Jon: Yeah, the exact sentence in the in the introduction, I know becausei did publish with, with a publishing house that often publishes Christian books. And the the exact sentence that they were kind of like, Are you sure you want to say this was when I said, you know, I also think that one of the things that uniquely equip me is that I'm a pastor. But before you throw the book across the room, yeah, explain what I mean by that. And they were like, Oh, we think that the majority of people are gonna, you know, be coming from a faith based background. And while that may be true, just on the statistics of the fact that, you know, the majority of people around this age come from some sort of faith tradition, what I've experienced is actually the opposite. Most people who are parenting this way have have already deconstructed other things in their life, some of which are often their childhood religious beliefs. And so you know, when I post ever that something about my church or the fact that I'm a pastor, it's probably only once every two or three months on my page, I will get a flood of DMS of people being like, wait, wait, wait, hang on, what are you what? How can you think this way? And the answer is, actually, if we allowed ourselves to think this way, I think most of the people who get advanced degrees in, you know, disciplines of biblical criticism would kind of come to the same conclusion. But many of us have those walls that we put up where we can't.
Robyn: Yeah, part of your book, I don't remember how far it was. You wrote something that I wrote down, maybe word for word. I'm not sure if it was word for word, but you talked about how parenting with punishment and really relying on punishment, and even the worry that without punishment, kids aren't accountable, is this very pessimistic view of humanity, and I wanted to talk about that just a little bit, because I 100% agree. And as a former mental health therapist, that was something I also spent a lot of time deconstructing with people. Is that. Yeah, because of how they were parenting, they had learned, usually, you know, subtly and covertly, as opposed to overtly, that, like they were bad and without punishment, they would just be bad people, which is a real hard thing to get deconstruct when you're older. And so walking with people around, you know, through this idea of, like, what if that's not true?

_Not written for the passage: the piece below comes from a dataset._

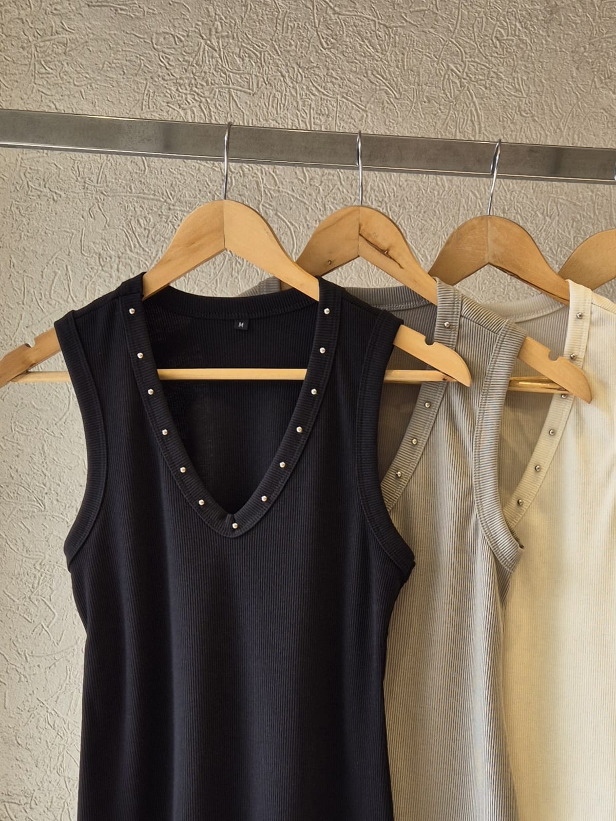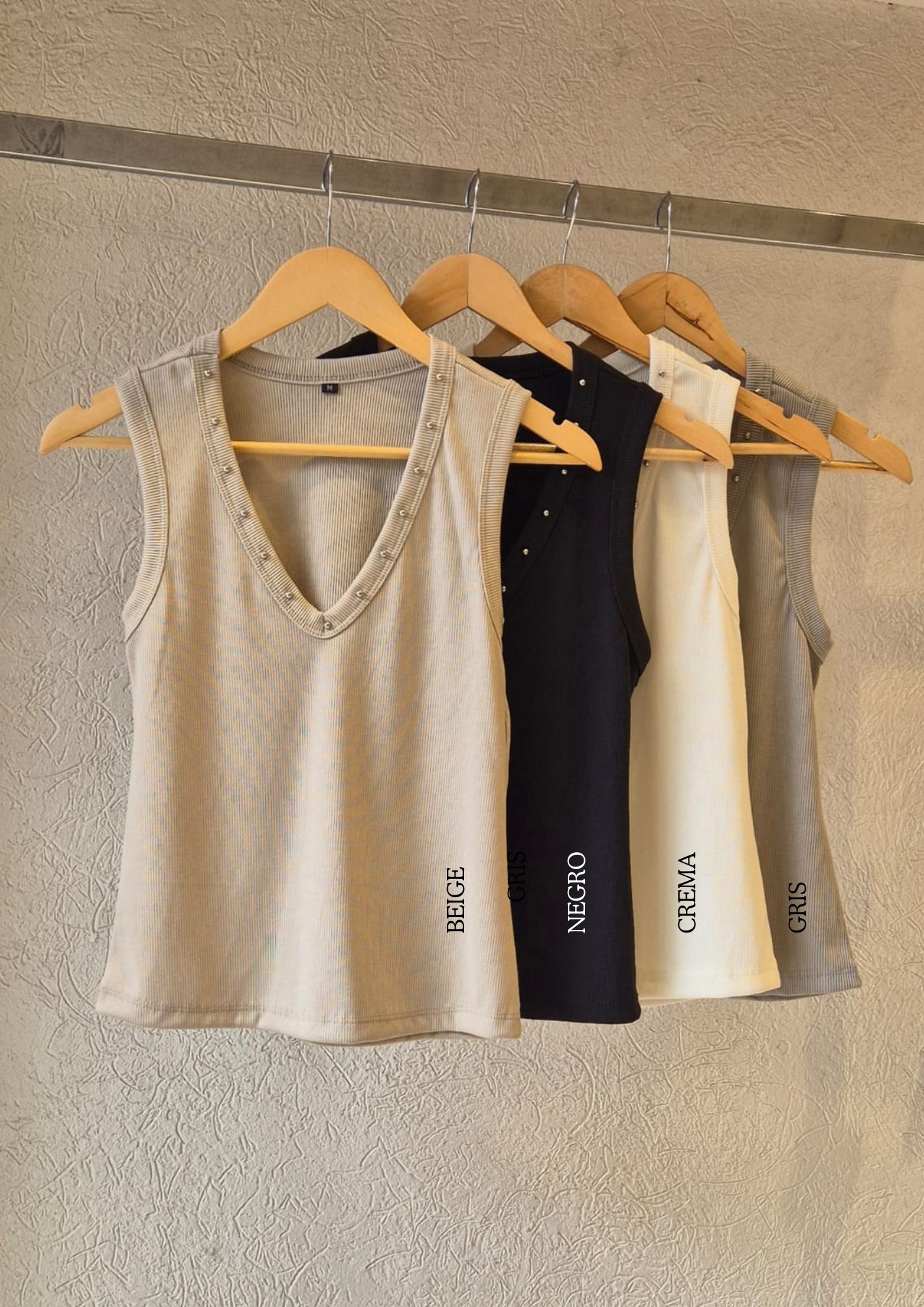 MUSCULOSA LEILA CUELLO REDONDO CON DETALLE DE TACHAS / TALLES M Y L

Jon: Well, and then just add, right? So, so that, you know, we've already kind of talked about religion, but a lot of that can come from, from a religious, you know, framework upbringing, depending on what that religious system was. Secondly, now you that's just kind of, that is Western thought for the last several 1000 years. I mean, we have, we have the these ancient Greek philosophers say, I think it was Plato who says, or Aristotle, maybe, who says, like, yeah, you know, if you don't, if you don't punish people, they're gonna just run amok and ruin everything. Yep, and, and this, this kind of prevailing narrative, like the kids these days, like, that's like a 3000 year old concept, kids these days, like the generations that's raising the kids, especially the generation that is now the grandparent generation, has been saying, kids these days for 3000 years, and actually, again, that's one of those places where knowing that and reading that stuff, most mental health counselors, therapists, psychologists are gonna go to stuff since the 90s, because that's when we started learning all of this stuff about the brain. Maybe they'll go all the way back to Freud, you know, 19th century. But I take stuff back, like, hey, look, we've been saying this stuff for 3000 years. In some cases like this is going to be hard to move past.
Jon: But then add, because we're on The Baffling Behaviors Podcast, the fact that a lot of us were raised and we were ADHD, and so you have this, not only are you bad and do you need punishment, but when you fall short, you internalize that and you get demoralized. So it just kind of compounds, like, you know, I just recorded a podcast with the neurosciences yesterday where we were talking about the difference between depression and demoralization. And he's like, yeah, I have people all the time because what they were told as a kid, they're not actually clinically depressed. They're just demoralized because they're so sure, because their parents said so, or or alluded to it, that they were just that they're just a terrible person and that, I think, I think that is one of the most harmful myths that I try and deconstruct in the book, is that this idea that kids, that kids are trying to manipulate us, that they're trying to do things against us, we have this idea that our kids actually have a far greater, in some cases, developmental capacity for manipulation. For you know, they're just doing that to get my attention. That may be true, but they have no idea. They're not doing that intentionally to get your attention, that they're just really kids. Are just trying to get their needs met fundamentally and and that when we understand behaviors as communicating unmet needs, not just, you know the sign of an immoral, you know, eternal soul, or something weird like that, what we wind up getting is understanding that regulating co-regulating cooperation, these are going to be way more effective than punishment in the name of compliance.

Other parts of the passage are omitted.